Let me try writing fiction. It can only garnered by 2 means: (1) name mystical characters with dramatic plights, such as: "The devil went soaring over the hills to find the woman he would curse for the evening with his purple potion." or (2) be so random that it can't be followed, personifying inanimate objects and using verbs that aren't physically possible, such as: "The golfball went laughing down the hill, licking the blade of grass as it leapt, and burped right in the side of her face."

But I've probably lost you already, reader. Why should you care about me trying to be imaginative?
No. But life - like the way he tilted his head and squinted his eyes and said, "Naw, it's good," an hour ago - I could see it and feel it even though it was just his voice lighting up a corner inside my brain and body that recognized the way he moves when he says that phrase, and the way he looks back and blinks in a staccato to step back and listen and think.
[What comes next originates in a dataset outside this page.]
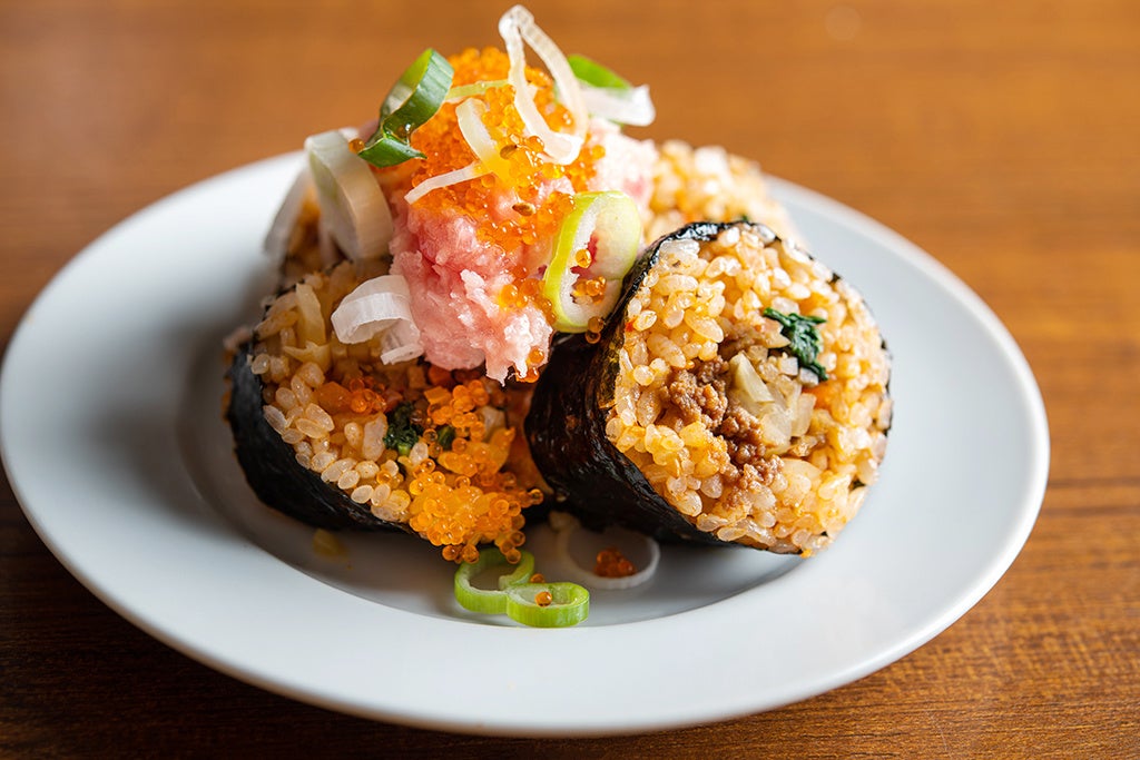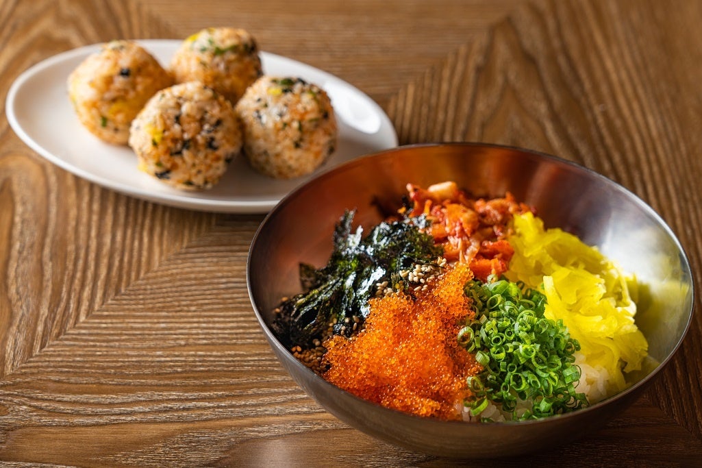 とびっこ、キムチ、韓国のり、たくわんを混ぜ合わせる日韓融合おにぎり。お客様の手でお好みの大きさに丸めてパクッとどうぞ!

What am I losing by being such a blatant liar? Am I so post-modern that I will kill my own life? Toying on the brink of reality, like a baby recklessly teeters on the sidewalk, where a dip of his feet will make him roadkill?

The caught-feeling unseized me. I started to surrender, so I could join its ranks and find out what it meant.
Life IS fiction, to me, I realized. My thoughts are in poetry, and people talk to me in quotes.
I don't know how to live outside of fiction. And as this realization came to me, my face unswelled. I barreled my body on the couch. Proud. Terrified. I don't know how to live outside of fiction.